The baseline for gluster file was 766.23, which means it's ~46% slower than gluster block. This look quite similar to the numbers shown in comment #1, though with different absolute numbers.

Given these numbers, it seems gluster file can match gluster block performance by setting client-io-threads and event-threads options, and improving AFR eager-locking. Additional changes can improve performance even more.

Pranith is working on an approach [1] that could improve eager lock in this case. I'll test the patch and update.

[1] https://review.gluster.org/21107

Comment 13 Xavi Hernandez 2018-09-18 11:41:54 UTC

With Pranith's patch, client-io-threads=on and event-threads=4, performance improves a bit:

tps = 1114.136673 (including connections establishing)
tps = 1108.371303 (including connections establishing)
tps = 1111.904912 (including connections establishing)
tps = 1108.996427 (including connections establishing)
tps = 1102.639386 (including connections establishing)
Average TPS (5 runs): 1109.21

But not as much as avoiding the check on the number of open fd's.

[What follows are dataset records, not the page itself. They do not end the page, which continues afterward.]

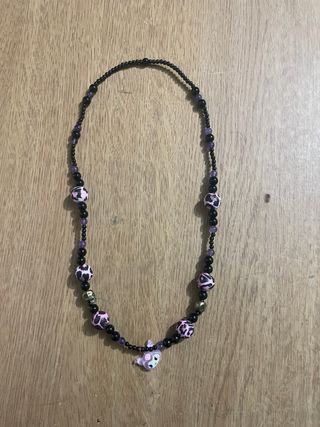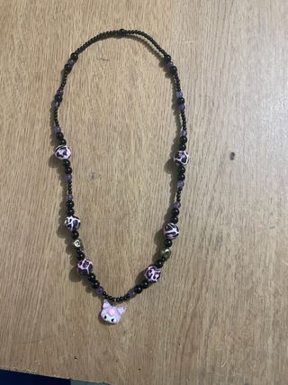 Collana fatta a mano con perle nere e viola, impreziosita da un simpatico ciondolo a forma di gatto. - Perle di pietra. - Ciondolo a forma di gatto. - Design unico.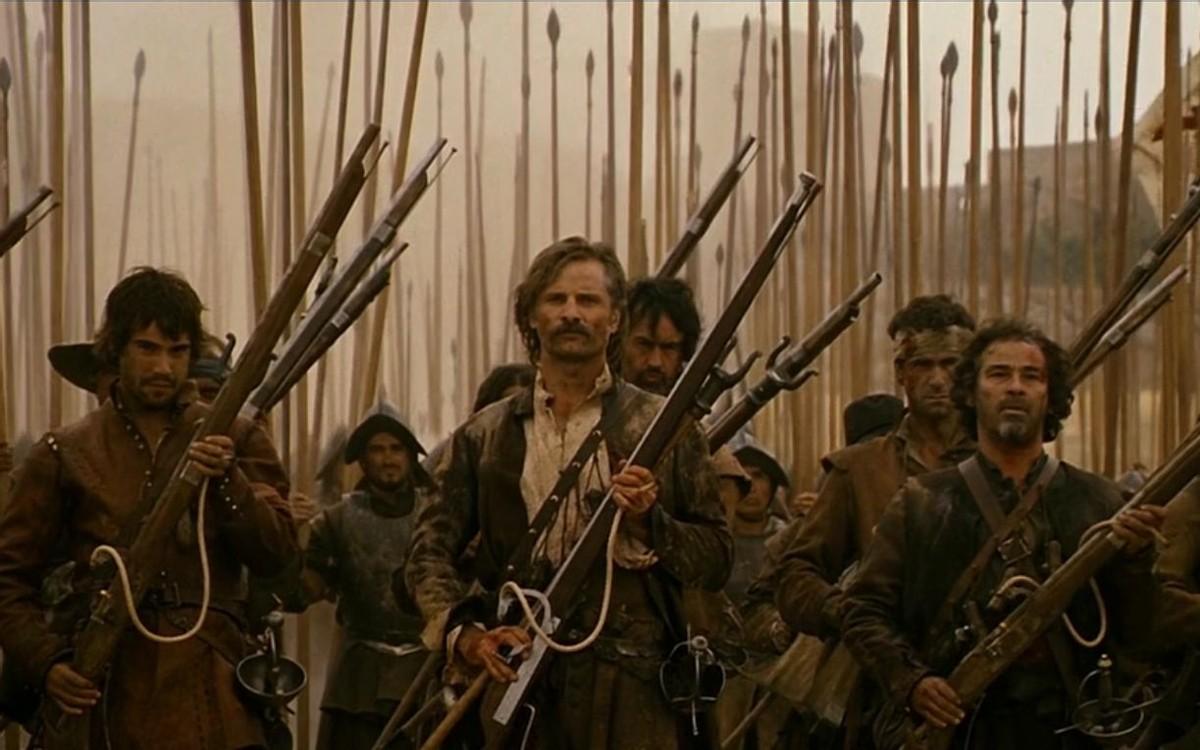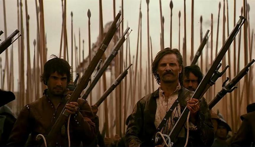 影片中值得说道的兵器首先要一是西班牙刺剑,二是西班牙长矛和火绳枪。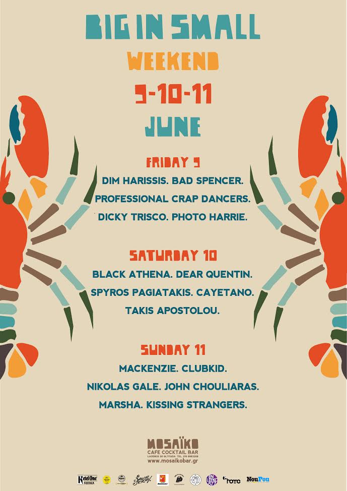 Τρεις μέρες και νύχτες και 18 Έλληνες DJs & Παραγωγοί συνθέτουν το Big In Small Weekend που θα πραγματοποιηθεί, για 2η συνεχόμενη χρονιά, αποκλειστικά στο Mosaiko στις 9, 10 & 11 Ιουνίου.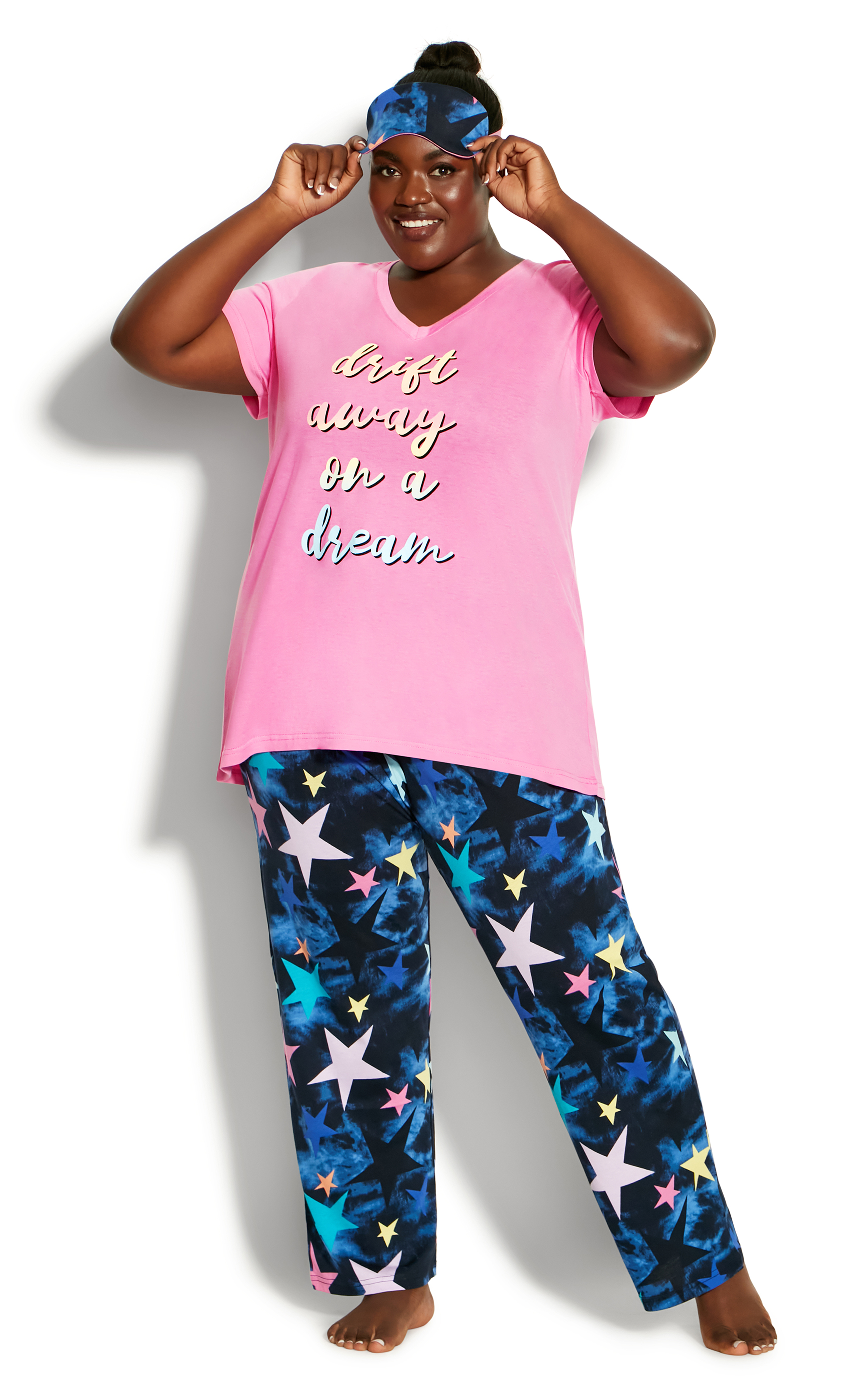 The best part about our Dream On Sleep Set is that it has everything you need for a great night of sleep. This coordinated set features a soft stretch sleep top, relaxed sleep pants, and the perfect finishing touch of a sleep mask. This set is perfect for gifting to a loved one or even to yourself, with its sweet ‘drift away on a dream’ slogan.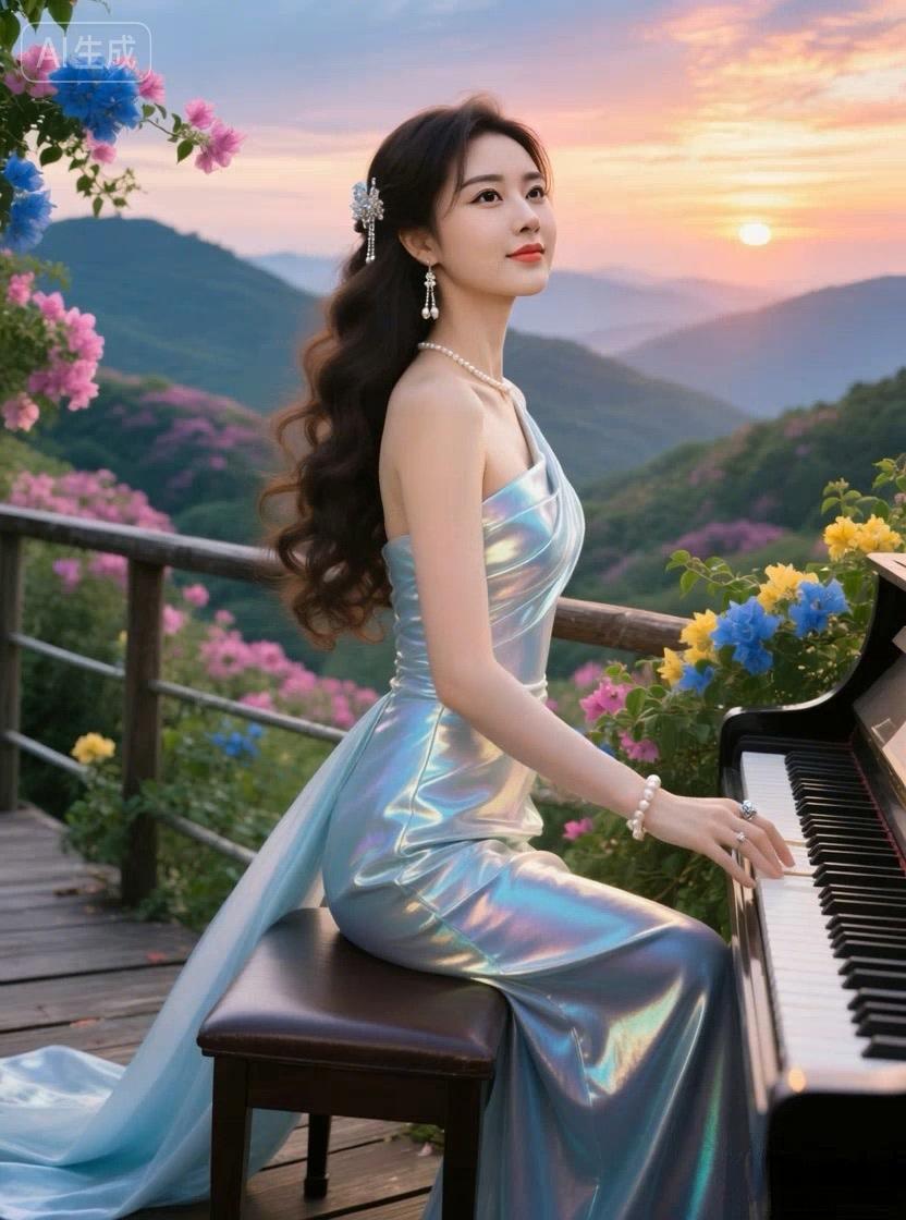 风吹岭静妹弹琴,

Comment 14 Xavi Hernandez 2018-09-19 15:31:10 UTC

I've repeated the tests using the same configuration used in comment #13 but adding another patch from Pranith: https://review.gluster.org/21210

This time the performance was quite good:

tps = 2311.928116 (including connections establishing)
tps = 2281.287233 (including connections establishing)
tps = 2300.971594 (including connections establishing)
tps = 2316.992359 (including connections establishing)
tps = 2287.787727 (including connections establishing)
Average TPS (5 runs): 2299.79

I tested the same configuration with gluster block, but with one exception: I used fdatasync instead of open_sync in postrges configuration. The improvement is minimal:

tps = 1497.435156 (including connections establishing)
tps = 1489.498803 (including connections establishing)
tps = 1514.883587 (including connections establishing)
tps = 1504.363248 (including connections establishing)
tps = 1484.684683 (including connections establishing)
Average TPS (5 runs): 1498.17

So current best known stable configuration for gluster file is:

performance.write-behind-window-size: 1MB
performance.md-cache-timeout: 600
performance.read-after-open: yes
server.event-threads: 4
diagnostics.count-fop-hits: on
diagnostics.latency-measurement: on
performance.strict-o-direct: on
performance.write-behind: off
performance.open-behind: on
performance.readdir-ahead: off
performance.stat-prefetch: off
performance.io-cache: off
performance.quick-read: off
performance.read-ahead: off
transport.address-family: inet
nfs.disable: on
performance.client-io-threads: on
client.event-threads: 4

The configuration for postgres:

work_mem = 120MB
wal_sync_method = open_sync
checkpoint_timeout = 1h

Comment 22 Raghavendra G 2018-10-23 08:10:06 UTC

(In reply to Raghavendra G from comment #6)
> Since fstats issued during reads can interfere with performing of
> write-behind (as reads and writes are interleaved), the noatime
> functionality of fuse kernel module becomes very important for this use
> case. noatime is not implemented yet for fuse filesystems and bz 1563509
> tracks the work.

https://git.kernel.org/pub/scm/linux/kernel/git/mszeredi/fuse.git/commit/?h=for-next&id=802dc0497be2b538ca4300704b45b59bffe29585 will help this case. This should be available in subsequent RHEL updates.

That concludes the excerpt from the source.